He wrote in a style that blended warmth, satire, and vitality.
His subjects were Israel’s pioneers who had escaped the pogroms of eastern Europe, chalutzic-spirited Zionists, socialists and communists who came to a Palestine controlled by the Ottoman Empire and then the British.
He perfectly captured the back-breaking farming work they had to undergo while fighting off Arabs and mosquitos in his first novel, The Blue Mountain, published in 1988, about pioneers in northern Israel’s Jezreel Valley, where he himself lived.
Shalev, the author of seven adult novels, eight works of non-fiction and 14 children’s books, has been compared to Mark Twain for his humour and to magic realist writer Gabriel Garcia Marquez for his poetic imagination. In some of his novels he describes the young idealists who made the promised land in their own image, while combining an intellectual vigour with the tough political and physical reality of their time.
In the opening pages of The Blue Mountain, for instance, we meet the elderly schoolteacher Ya’akov Pinness, beating back “yet another threat. Fruit aphids. State lotteries, cattle ticks, anopheles mosquitos, bands of locusts and jazz musicians swirled around him like dark waves before breaking in a slimy froth against the breastwork of his heart”.

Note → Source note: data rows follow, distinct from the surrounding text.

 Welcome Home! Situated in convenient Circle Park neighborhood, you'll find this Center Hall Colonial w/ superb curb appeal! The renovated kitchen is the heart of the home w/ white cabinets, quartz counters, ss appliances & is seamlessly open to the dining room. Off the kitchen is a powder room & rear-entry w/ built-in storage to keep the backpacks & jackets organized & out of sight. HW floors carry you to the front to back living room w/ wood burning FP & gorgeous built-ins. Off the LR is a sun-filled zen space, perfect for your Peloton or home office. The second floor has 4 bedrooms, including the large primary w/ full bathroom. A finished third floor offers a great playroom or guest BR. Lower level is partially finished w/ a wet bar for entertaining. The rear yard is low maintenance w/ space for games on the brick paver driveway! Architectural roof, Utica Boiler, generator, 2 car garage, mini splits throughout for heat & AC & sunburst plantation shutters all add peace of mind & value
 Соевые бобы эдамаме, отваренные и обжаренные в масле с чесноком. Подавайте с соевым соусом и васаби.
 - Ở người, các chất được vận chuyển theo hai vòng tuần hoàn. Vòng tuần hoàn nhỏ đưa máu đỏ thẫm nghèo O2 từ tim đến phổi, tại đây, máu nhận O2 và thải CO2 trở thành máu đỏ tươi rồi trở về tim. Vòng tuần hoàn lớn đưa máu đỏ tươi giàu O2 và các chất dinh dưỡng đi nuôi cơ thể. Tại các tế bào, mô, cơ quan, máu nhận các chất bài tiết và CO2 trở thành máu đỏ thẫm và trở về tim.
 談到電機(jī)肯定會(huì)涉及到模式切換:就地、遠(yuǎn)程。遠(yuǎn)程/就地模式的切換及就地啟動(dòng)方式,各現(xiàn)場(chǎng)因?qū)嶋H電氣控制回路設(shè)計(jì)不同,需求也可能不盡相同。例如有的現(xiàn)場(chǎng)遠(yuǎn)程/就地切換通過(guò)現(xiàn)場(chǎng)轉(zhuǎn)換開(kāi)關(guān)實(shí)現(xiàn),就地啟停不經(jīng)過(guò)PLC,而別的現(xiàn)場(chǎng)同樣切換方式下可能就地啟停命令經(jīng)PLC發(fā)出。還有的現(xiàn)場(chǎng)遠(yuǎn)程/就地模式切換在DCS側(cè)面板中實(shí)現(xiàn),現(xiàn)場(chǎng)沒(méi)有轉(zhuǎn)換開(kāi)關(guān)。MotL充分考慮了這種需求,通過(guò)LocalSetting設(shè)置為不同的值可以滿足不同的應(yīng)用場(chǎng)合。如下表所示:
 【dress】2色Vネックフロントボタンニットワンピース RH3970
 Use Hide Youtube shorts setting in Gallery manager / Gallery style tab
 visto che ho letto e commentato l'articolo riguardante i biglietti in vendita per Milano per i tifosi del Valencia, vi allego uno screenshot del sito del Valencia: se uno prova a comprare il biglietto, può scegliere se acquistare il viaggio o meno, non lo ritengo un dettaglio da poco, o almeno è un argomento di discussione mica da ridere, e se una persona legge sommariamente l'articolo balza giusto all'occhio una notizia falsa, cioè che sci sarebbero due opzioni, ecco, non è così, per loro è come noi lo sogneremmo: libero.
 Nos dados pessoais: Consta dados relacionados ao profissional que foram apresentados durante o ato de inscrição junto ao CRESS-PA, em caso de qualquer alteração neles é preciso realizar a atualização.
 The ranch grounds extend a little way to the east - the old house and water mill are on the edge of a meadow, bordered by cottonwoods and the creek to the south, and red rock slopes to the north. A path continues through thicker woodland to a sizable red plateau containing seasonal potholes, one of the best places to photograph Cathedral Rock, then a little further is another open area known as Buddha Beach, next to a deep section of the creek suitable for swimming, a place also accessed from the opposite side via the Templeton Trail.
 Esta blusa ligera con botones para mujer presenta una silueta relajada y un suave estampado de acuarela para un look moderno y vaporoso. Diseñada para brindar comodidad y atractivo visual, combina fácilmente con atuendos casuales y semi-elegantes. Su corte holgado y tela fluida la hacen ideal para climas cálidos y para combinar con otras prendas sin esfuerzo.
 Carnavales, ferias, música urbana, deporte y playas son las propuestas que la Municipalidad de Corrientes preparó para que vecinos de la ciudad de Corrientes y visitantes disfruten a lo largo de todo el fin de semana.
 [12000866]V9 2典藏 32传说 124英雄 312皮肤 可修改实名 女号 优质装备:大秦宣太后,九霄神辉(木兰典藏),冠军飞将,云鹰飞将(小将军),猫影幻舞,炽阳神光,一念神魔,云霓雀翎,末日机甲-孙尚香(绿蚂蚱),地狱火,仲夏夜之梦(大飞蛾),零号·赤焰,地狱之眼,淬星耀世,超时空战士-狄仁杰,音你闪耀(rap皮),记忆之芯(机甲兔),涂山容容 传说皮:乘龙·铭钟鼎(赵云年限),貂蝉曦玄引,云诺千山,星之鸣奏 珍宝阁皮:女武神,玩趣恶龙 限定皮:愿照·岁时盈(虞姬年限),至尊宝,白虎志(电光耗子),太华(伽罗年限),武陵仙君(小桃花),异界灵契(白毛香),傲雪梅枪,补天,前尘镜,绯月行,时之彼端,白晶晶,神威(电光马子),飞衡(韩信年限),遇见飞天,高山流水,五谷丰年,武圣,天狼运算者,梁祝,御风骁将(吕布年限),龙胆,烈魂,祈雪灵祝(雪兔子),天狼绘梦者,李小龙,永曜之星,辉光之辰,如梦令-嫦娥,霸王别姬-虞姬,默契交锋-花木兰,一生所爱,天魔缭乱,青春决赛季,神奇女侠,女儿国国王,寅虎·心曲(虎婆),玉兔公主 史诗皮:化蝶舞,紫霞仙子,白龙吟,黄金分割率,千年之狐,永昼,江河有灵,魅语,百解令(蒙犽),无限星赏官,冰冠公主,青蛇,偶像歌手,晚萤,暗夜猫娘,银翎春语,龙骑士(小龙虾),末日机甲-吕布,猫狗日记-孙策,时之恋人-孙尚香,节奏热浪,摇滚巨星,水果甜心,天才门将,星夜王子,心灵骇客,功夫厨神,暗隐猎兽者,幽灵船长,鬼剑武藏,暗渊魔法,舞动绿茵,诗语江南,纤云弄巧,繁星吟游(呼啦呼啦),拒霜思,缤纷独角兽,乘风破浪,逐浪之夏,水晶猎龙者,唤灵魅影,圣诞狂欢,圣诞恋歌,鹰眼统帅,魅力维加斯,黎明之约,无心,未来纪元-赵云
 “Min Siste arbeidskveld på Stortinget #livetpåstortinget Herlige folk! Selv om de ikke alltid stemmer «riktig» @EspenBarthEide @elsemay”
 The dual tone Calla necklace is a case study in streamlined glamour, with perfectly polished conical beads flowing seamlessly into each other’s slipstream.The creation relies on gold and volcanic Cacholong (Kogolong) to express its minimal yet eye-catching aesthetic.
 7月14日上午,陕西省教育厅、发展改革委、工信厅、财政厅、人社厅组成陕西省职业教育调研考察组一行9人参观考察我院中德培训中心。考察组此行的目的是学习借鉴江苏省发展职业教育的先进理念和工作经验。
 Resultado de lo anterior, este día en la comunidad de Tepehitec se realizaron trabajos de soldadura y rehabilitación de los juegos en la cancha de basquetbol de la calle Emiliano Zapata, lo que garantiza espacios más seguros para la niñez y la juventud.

Sidra DeKoven Ezrahi, professor emerita of comparative literature at the Hebrew University of Jerusalem, described The Blue Mountain as “a comment on the noble but failed utopian experiment of the pioneers”.
Suggesting he had — “almost invented Israeli satire” — she continued: “His writing wasn’t just comic. He had a soul. The tears would come through the laughter.”
Shalev’s writing was illuminated by recurring biblical and mythic themes and his linguistic skills have been highly praised. He would feature women as a source of power behind the men.
His 2006 novel A Pigeon and a Boy, which interweaves the story of a homing pigeons handler killed in the 1948 war with that of an Israeli tour guide in a troubled marriage, won the Brenner Prize, Israel’s highest literary honour, as well as the Bernstein Prize and the National Book Award.
He has been awarded France’s Chevalier of the Ordre des Arts et des Lettres, along with Michal Govrin, in 2018. His 1991 book, Esau, a modern take on the story of Jacob and Esau, was turned into a film in 2019, starring Shira Haas, Harvey Keitel and Lior Ashkenazi, and his books have been translated into 30 languages.
While leading contemporaries such as Amos Oz and David Grossman have tended to focus more on the political issues facing Israel and the Palestinians today, Shalev saw his novels in a different light.
“I don’t like to use my art to promote my political views, and I don’t use my political ideas to promote my literature,” he told Moment Magazine in a 2017 interview.
However, far from avoiding contemporary politics, he aired his views in his 30 year-running weekend column in the national newspaper Yedioth Ahronot.
There he readily vocalised his support for a two-state solution with the Palestinians, advocating a freeze of Jewish settlements in the West Bank and the creation of an autonomous Palestinian state. Rather than take sides he felt the stalemate was “everybody’s responsibility”.
Shalev lived in the Jezreel Valley but tended to avoid his other home in Jerusalem, preferring to steer clear of the religious piety he found there. He may not have been observant himself, but his love of biblical stories was reflected in two non-fiction books on the subject.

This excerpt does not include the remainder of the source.